The best stuffed peppers you'll ever have! (Maybe, but probably).


  • 4 large bell peppers, gutted and halved
  • 1 tablespoon of canola oil
  • 1 teaspoon of onion powder
  • 1 teaspoon of garlic powder
  • 1 teaspoon of sea salt
  • 1 teaspoon of ground black pepper
  • 1 lb ground beef, or ground chicken, or ground turkey
  • 1 lb sweet longanisa sausage, can use honey garlic sausage, or any sweet sausage, as a substitute
  • 2 cloves of garlic, minced
  • 1 cup of diced tomatoes, drained
  • 1 cup of mushrooms, diced
  • 1 cup of tomato sauce
  • 1 cup of Minute Rice
  • 2 cups of mozzarella cheese, shredded
  • 1/4 cup parmesan cheese, grated
  • Fresh flat leaf parsley for garnish, optional


  • Heat grill on high heat.
  • Place halved peppers on grill and grill until slightly charred with grill marks - approx. 5 minutes a side.

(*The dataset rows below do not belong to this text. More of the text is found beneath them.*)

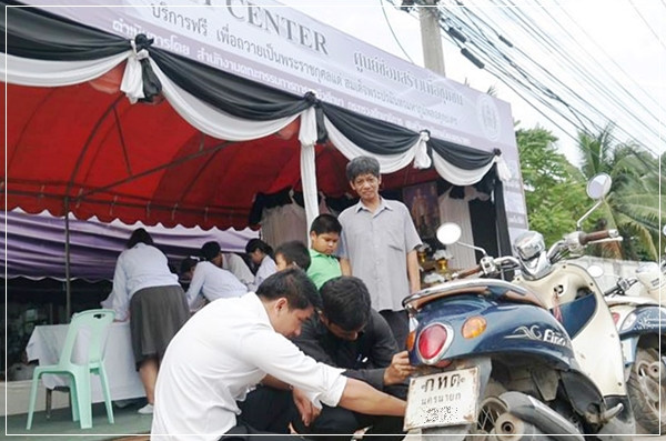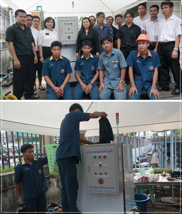 ชาววิทยาลัยเทคนิคนครนายก ใช้เครื่องย้อมผ้าอัตโนมัติ ให้บริการย้อมผ้าดำฟรี พร้อมเปิดบริการซ่อมแซมรถจักรยานยนต์ และเครื่องใช้ไฟฟ้าอีกด้วย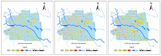 Waterlogging hazard assessment map under different rainfall scenarios of study area.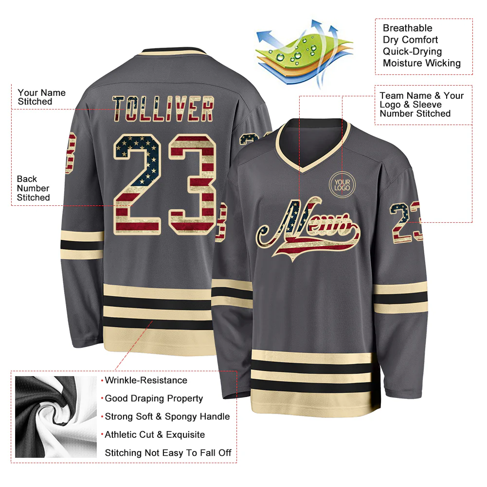 Custom Steel Gray Vintage USA Flag Cream-Black Hockey Jersey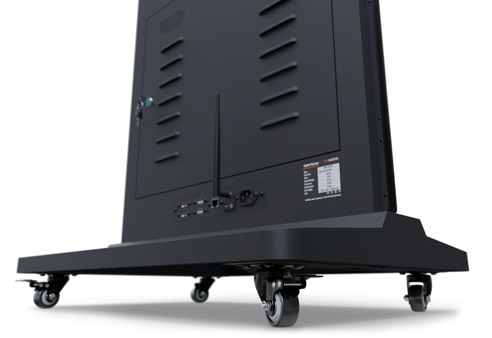 • 1 x Mobile digital display totem DKS-LED43, 43 in Display, Android 11, Black, 610 mm x 450 mm x 1.881 mm, TecMaschin incl. power cable and remote control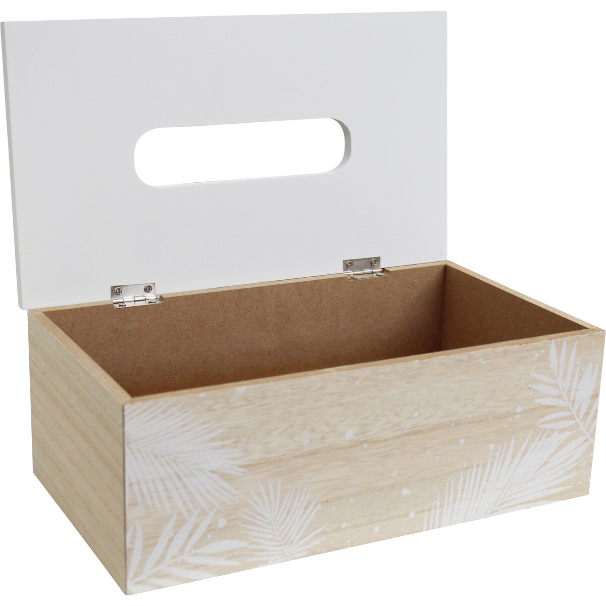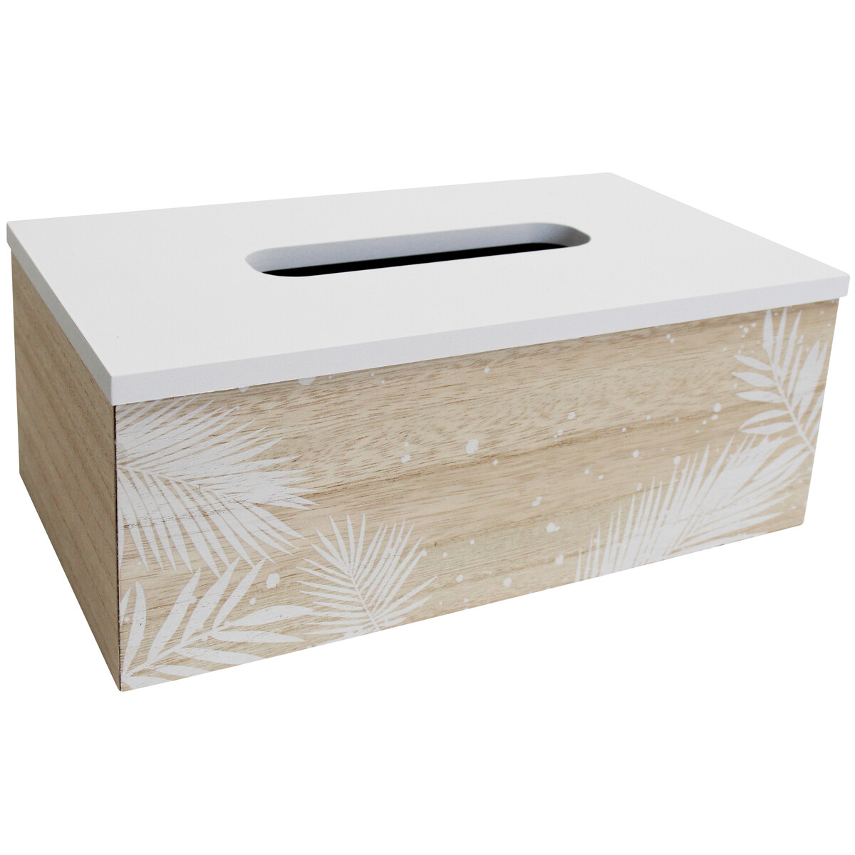 Everything about this Tissue Box Palm is all natural and appealing. It is made through the use of top quality medium density fibreboard material in a rectangular shaped design which has a dimension measuring 25 centimetres in length, 14 centimetres in width and stands at a height which measures 9.5 centimetres. The lid is painted in a pristine white colour while the box itself is left in its natural widen brown colour but with palm decorations.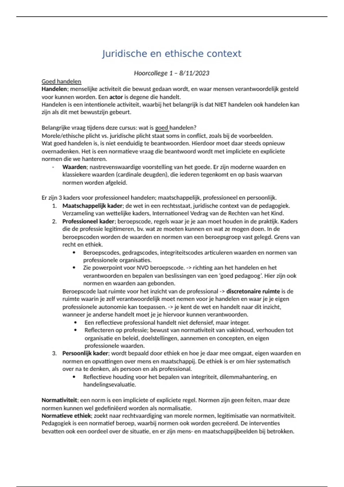 Aantekeningen van alle hoorcolleges Juridisch Ethische Context en samenvatting van het volledige boek Jeugdrecht Begrepen (7e herziende druk) met aanpassingen t/m 2023. Belangrijke begrippen zijn dikgedrukt, colleges zijn met belangrijke afbeeldingen. Er soms verwezen naar een powerpoint van het desbetreffende hoorcollege, dia staat ook vermeld.

  • Remove from grill and place on a plate. Set aside.
  • In a large skillet, heat cooking oil.
  • Add minced garlic and saute until fragrant; make sure not to brown the garlic.
  • Add the ground beef (or chicken/turkey) and the sausage. (If the sausage was in casing, make sure you squeeze it out of it's casing).
  • Add the onion powder, garlic powder, sea salt and ground black pepper.
  • Stir well until meat is cooked.
  • Add mushrooms, diced tomatoes, tomato sauce, and M?inute Rice.
  • Bring the heat to high until mixture reaches a simmer, and then bring the heat to low. Allow to simmer for approx. 5 minutes.
  • Remove from heat and add 1 cup of shredded mozzarella cheese.
  • Mix well and set aside.
  • Pre-heat oven to 375F.
  • With a tablespoon, carefully scoop the meat mixture into the peppers. Pack the peppers as much as you can and press down on the mixture to secure.
  • Sprinkle each pepper with the remaining shredded mozzarella.
  • Finish off by sprinkling each pepper with shredded parmesan.
  • Place the peppers in the oven for approx. 15 minutes or until the mozzarella cheese melts and bubbles.
  • Turn the broiler on to high heat and place the peppers under the broiler for approx. 2 minutes, or until cheese browns slightly.
  • Garnish with fresh flat leaf parsley (optional).